プログラミング
25年前のミニマルC++単体テストフレームワークの近代化(パート2)
Modernizing a 25-year-old minimal C++ unit testing framework (Part 2) (freshsources.com)
要約
この記事は、25年前のシンプルなC++単体テストフレームワークを、C++17のインライン変数とC++20のモジュール、std::source_locationといった最新機能を用いて近代化するパート2です。前回の記事で残された、テストフレームワークのカウンタがファイルごとに分離してしまう問題と、ヘッダーファイルへの依存による管理の煩雑さを解決するため、インライン変数とモジュールが導入されます。
全文翻訳
オン・ザ・チープな自動単体テスト:パート2 C++コードカプセル
この2部構成シリーズのパート1では、例外処理の適切な検証を含む、驚くほどシンプルな方法で自動単体テストを処理する、実績のある(つまり古い :-)テクニックを紹介しました。しかし、前回の投稿では2つの問題が残されたままで、それらを修正する旅は、モダンC++の2つの主要な機能、すなわちインライン変数とモジュールを巡る楽しいツアーとなるでしょう。
パート1で議論されたテストフレームワークのシンプルさは、すべてが小さなヘッダーファイル、test.h(インクルードガードは省略)に収められていることから来ています。
namespace {
std::size_t nPass = 0;
std::size_t nFail = 0;
inline void do_fail(const char* text, const char* fileName, long lineNumber) {
std::cout << "FAILURE: " << text << " in file " << fileName << " on line " << lineNumber << std::endl;
++nFail;
}
inline void do_test(const char* condText, bool cond, const char* fileName, long lineNumber) {
if (!cond)
do_fail(condText, fileName, lineNumber);
else
++nPass;
}
inline void succeed_() noexcept {
++nPass;
}
inline void report_() {
std::cout << "\nTest Report:\n\n";
std::cout << "\tNumber of Passes = " << nPass << std::endl;
std::cout << "\tNumber of Failures = " << nFail << std::endl;
}
}
#define test_(cond) do_test(#cond, cond, __FILE__, __LINE__)

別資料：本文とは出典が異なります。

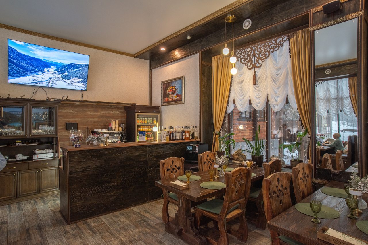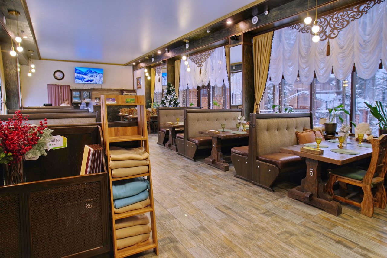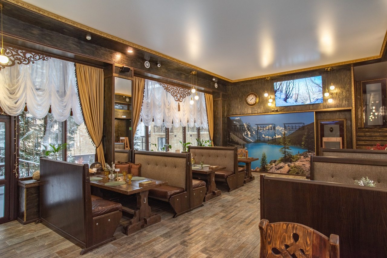 Сочетание внутреннего оформления и потрясающего панорамного вида из окон ресторана на гору, а также меню из блюд европейской, кавказской, кухни не оставит гостей равнодушными.
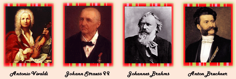 2)    Other major Composers who died in Vienna and their year of death: Antonio Vivaldi (1741); Christoph Willibald Gluck (1787); Franz Joseph Hayden (1809); Wolfgang Amadeus Mozart (1791); Ludwig van Beethoven (1827); Franz Schubert (1828); Johann Strauss II (1899); Johannes Brahms (1897); Anton Bruckner (1896); Gustav Mahler (1911), etc.
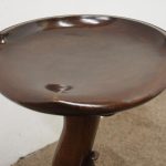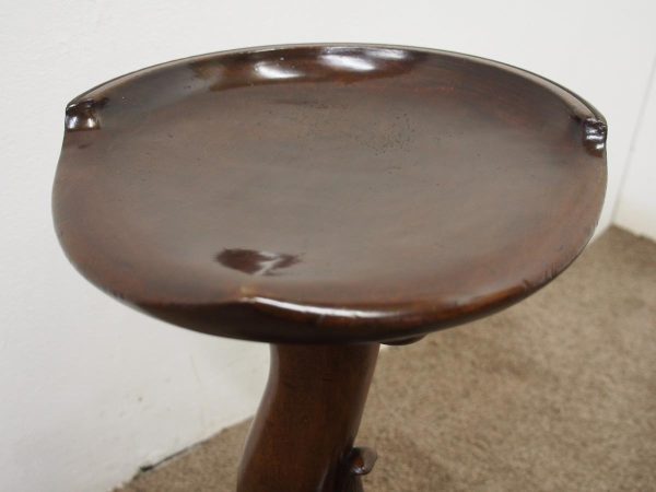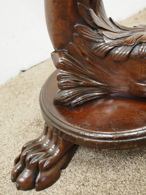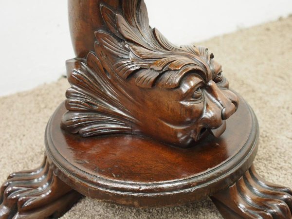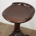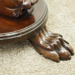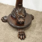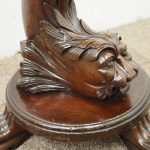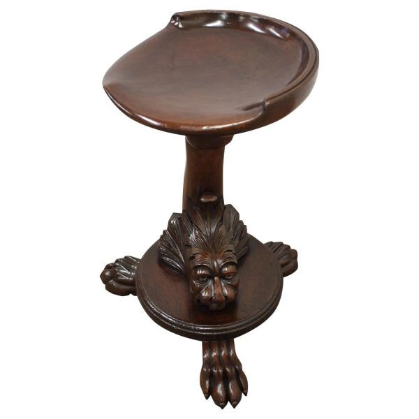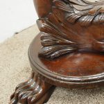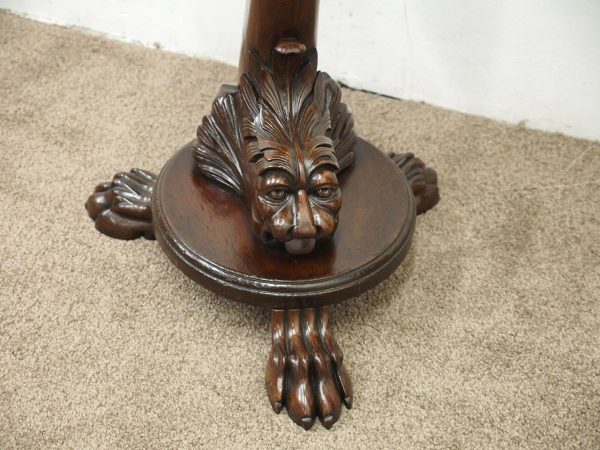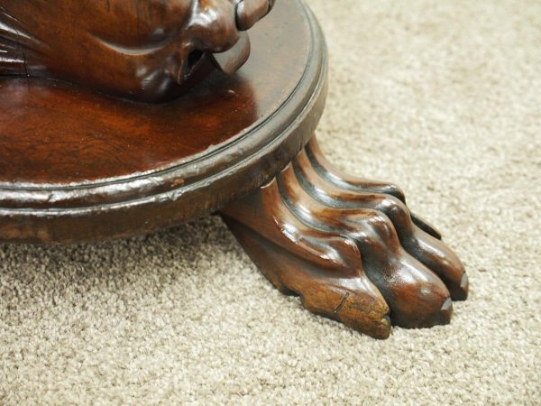 Circa 1870, carved mahogany revolving grotto stool, with the trade label of Edwards and Roberts, London. With a scooped out seat in solid mahogany and small gallery back which is fixed to a thread revolving mechanism. It has a tapering column, carved acanthus leaves on the base and a mythical lion mask. Sitting on a round platform over three lions claw feet; the castors have been removed and with a central trade label of Edwards and Roberts.
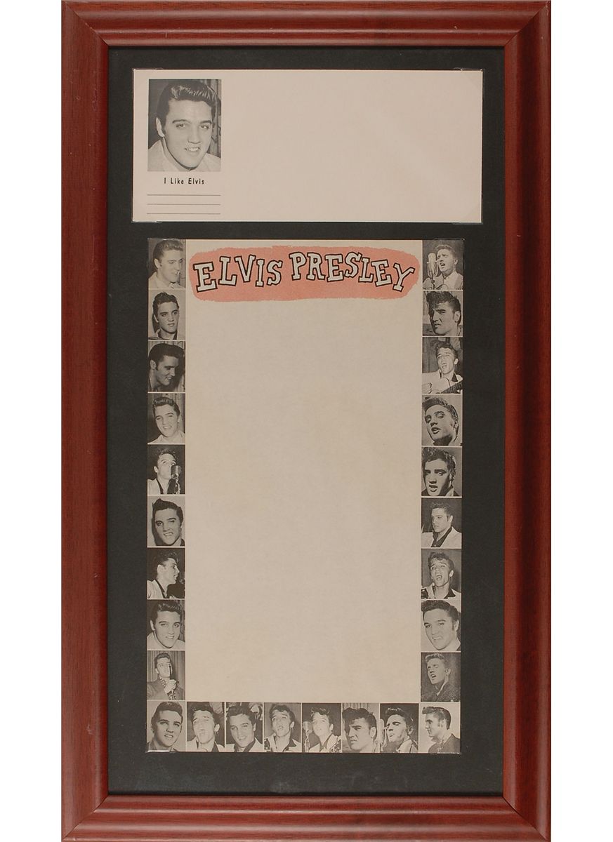 Extremely rare sheet of Elvis stationery, 8.5 x 14, from 1956; and a mailing envelope, 9.5 x 4, with Presley’s image on the left side above the return address area. Both are framed together to an overall size of 13.5 x 23.25. In fine condition. A miniscule number of these stationery sheets and envelopes have survived the 55 years since they were marketed for a very short time period, presumably at concert venues in 1956. This particular stationery is nowhere to be found among the many Elvis Presley Enterprises (EPE) licensed products advertised during 1956 or beyond.

#define fail_(expr) do_fail(expr, __FILE__, __LINE__)
#define throw_(expr,T)
try {
expr;
std::cout << "THROW ";
do_fail(#expr,__FILE__,__LINE__);
} catch (const T&) {
++nPass;
} catch (...) {
std::cout << "THROW ";
do_fail(#expr,__FILE__,__LINE__);
}
#define nothrow_(expr)
try {
expr;
++nPass;
} catch (...) {
std::cout << "NOTHROW ";
do_fail(#expr,__FILE__,__LINE__);
}
一般的に、ユーザーはtestマクロを呼び出すだけでよく、これはテストされている式をテキストとして、関連するファイル名と行番号と共にキャプチャします。例えば、ソースコードの行がtest_(stk.top() == 1); の場合、プリプロセッサはこれをコンパイルストリームで以下のテキストに置き換えます。
do_test("stk.top() == 1", stk.top() == 1, "tstack.cpp", 17);
これは、ファイル名がtstack.cppであり、そのファイルの17行目で呼び出しが発生したことを示しています。テストが失敗した場合、コンソールには次のように表示されます。

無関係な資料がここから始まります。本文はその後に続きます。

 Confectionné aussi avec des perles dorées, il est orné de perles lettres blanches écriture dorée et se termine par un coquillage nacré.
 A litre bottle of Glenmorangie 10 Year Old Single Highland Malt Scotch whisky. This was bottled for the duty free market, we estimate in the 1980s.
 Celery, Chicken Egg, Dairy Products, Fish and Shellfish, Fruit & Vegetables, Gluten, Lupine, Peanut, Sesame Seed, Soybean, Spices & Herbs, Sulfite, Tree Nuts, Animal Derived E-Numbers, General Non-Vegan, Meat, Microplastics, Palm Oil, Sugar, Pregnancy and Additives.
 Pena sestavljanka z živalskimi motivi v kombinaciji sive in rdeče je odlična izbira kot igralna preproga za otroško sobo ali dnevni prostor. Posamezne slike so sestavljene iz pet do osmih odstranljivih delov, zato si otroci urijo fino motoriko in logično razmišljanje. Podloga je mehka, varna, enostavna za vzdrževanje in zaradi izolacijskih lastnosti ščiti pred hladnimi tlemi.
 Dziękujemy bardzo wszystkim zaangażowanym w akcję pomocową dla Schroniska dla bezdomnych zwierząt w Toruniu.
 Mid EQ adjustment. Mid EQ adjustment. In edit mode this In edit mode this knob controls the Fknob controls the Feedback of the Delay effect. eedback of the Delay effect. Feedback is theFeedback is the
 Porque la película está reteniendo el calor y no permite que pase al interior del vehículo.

FAILURE: stk.top() == 1 in file tstack.cpp on line 17
report_関数は、成功と失敗の数を表示します。例えば、次のようになります。
Test Report:
Number of Passes = 13
Number of Failures = 0
他の関数は完全性のために存在しますが、ユーザーが使用することはめったにありません。

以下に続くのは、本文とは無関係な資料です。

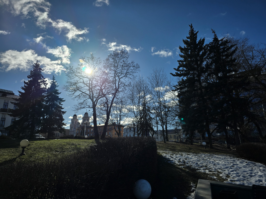 Солнце в кадре — это обычно беда. Чудовищные блики, деградация цвета, паразитные оттенки, потеря резкости, ужасные зайцы. Мы решили также добавить к этой картине мелкие детали — веточки не распустившихся пока деревьев. Раньше такие сцены лучше всех отрабатывал iPhone. Времена меняются. iPhone засветил голубым бликом кусты и пустил разноцветного зайца, Samsung устроил разноцветную мазню на небе. Honor, казалось, отработал хорошо, но очень странный оттенок храма не позволил ему стать победителем. А вот Huawei P60 Pro вышел молодцом — солнце с лучами, без бликов, а благодаря алгоритмам — много деталей по полю кадра.
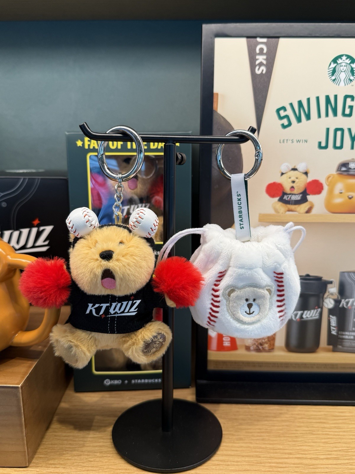 как выглядит Starbucks Korea 2026 KBO Bearista Baseball Drawstring Pouch Keychain фото
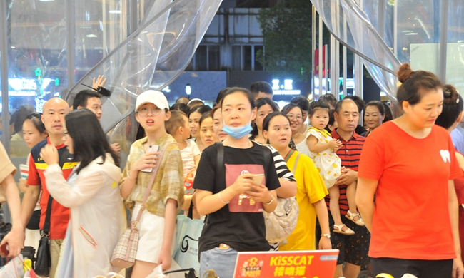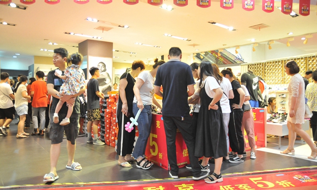 晚上7時,等候的人潮開始涌進商場,原本寬敞、靚麗的購物中心瞬間變得擁擠起來。放眼望去,商場通道內(nèi)擠滿了來回穿梭的消費者,各大專柜內(nèi)更是堆滿了琳瑯滿目的特價商品,人們幸福地挑選著商品,滿臉喜悅之情。
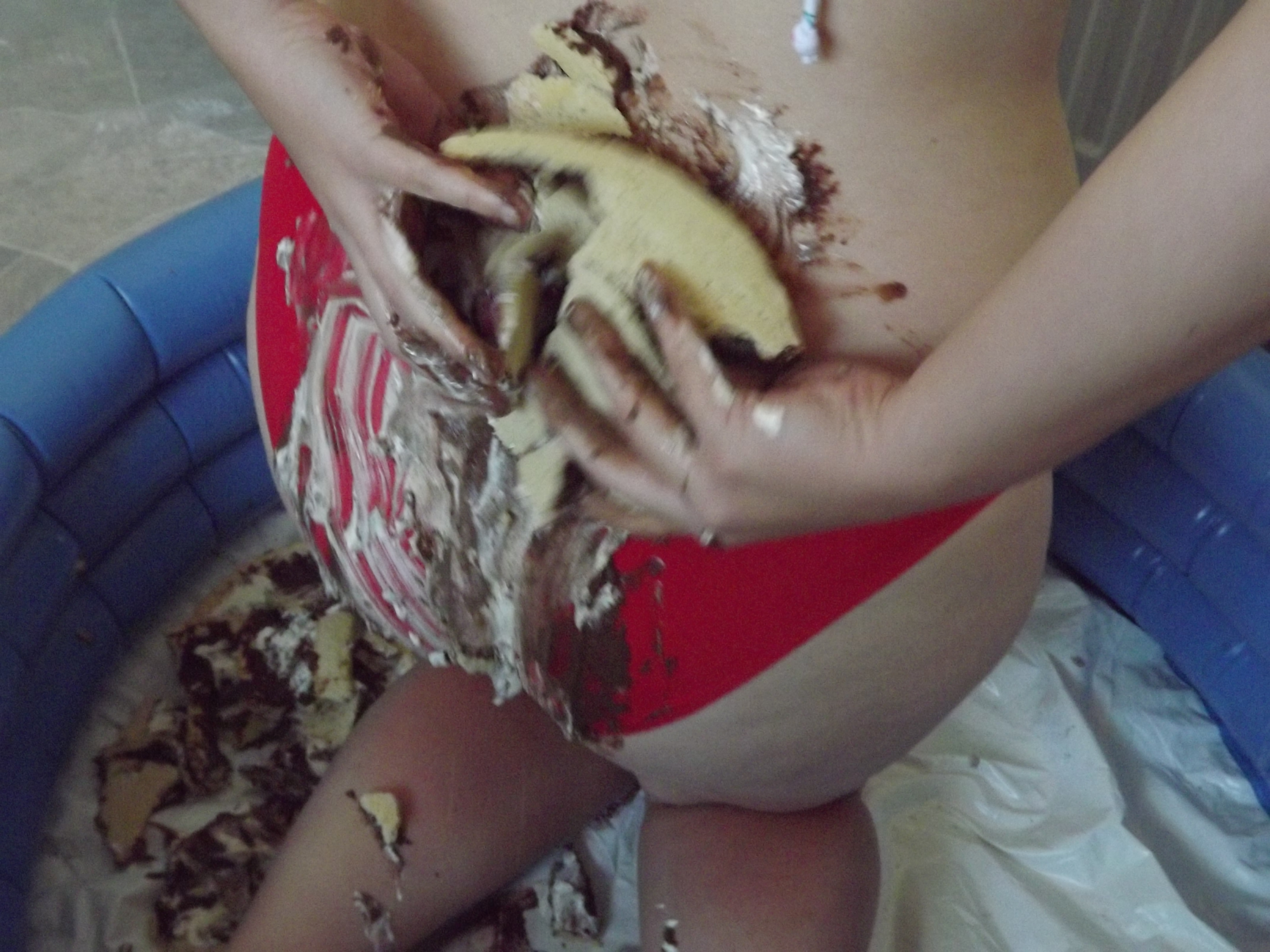 hi guys in this video i am wearing a rather small bikini i take one chocolate cream pie to the face one to my boobs and one to my bum then i cover myself in milk chocolate and white chocolate and rub it all into my body
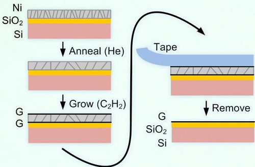 目前麻省理工大学和密歇根大学的研究者们已经找到了生产石墨烯的新方法,通过使石墨烯直接接触在大玻璃片上,该过程适用于按比例增加。这是一份高质量且认真完成的工作,这种直接在非金属上生产石墨烯的方法可用于大的显示屏和触屏,以及一些电子集成器件。
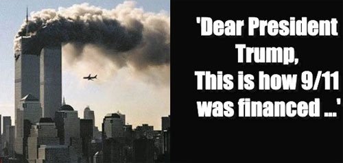 I believe that your leadership in placing the truth about 9/11 before the public will finish the job of taking down the Deep State and the Shadow Government – it will help you shut down the pernicious Zionist/Saudi penetration and subversion of the US economy, government, and society and it will help you demonstrate to the larger public, most of whom did not vote for you, that under your leadership, the US Government can be trusted to clean house and tell the truth.
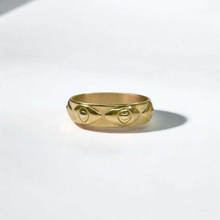 This bangle is crafted from stainless steel and features intricately etched evil eye motifs.

この記事では、パート1の最後に特定された2つの問題、すなわち、匿名名前空間内のカウンタが個々のファイルに固有であるという問題を修正します。これは、グローバル変数を回避するために意図されたもので、このフレームワークは単一ファイルの学生プロジェクトで使用することを目的としていましたが、これは不要な制約です。大規模なプロジェクトでは、One Definition Rule(ODR)に違反することなく、すべてのプロジェクトファイル間で成功と失敗の合計カウントを共有する必要があります。
ヘッダーファイルへの依存関係は、C++において長年問題の元凶として認識されてきました。上記のマクロは匿名名前空間内のインライン関数を呼び出すため、テスト対象の各ファイルはコードの独自のコピーを取得します。モジュールはC++20で導入され、このような問題を軽減しました。ここではマクロが依然として必要になることが判明したため、ハイブリッドアプローチを採用して、可能な限り多くの機能をモジュールに移行します。
インライン変数
C++17はインライン変数の概念を導入しました。関数と同様に、インライン変数は複数の翻訳単位で定義でき、リンカはそれらの定義すべてを1つにまとめることが要求されます。ルールはインライン関数と同じです。すべての定義は同一でなければなりません(同じトークン、同じ型、同じ初期化子)。名前空間スコープでの変数はデフォルトで外部リンケージを持ちます。すべての翻訳単位で同じオブジェクトであることが保証されます(どこでも同じアドレス)。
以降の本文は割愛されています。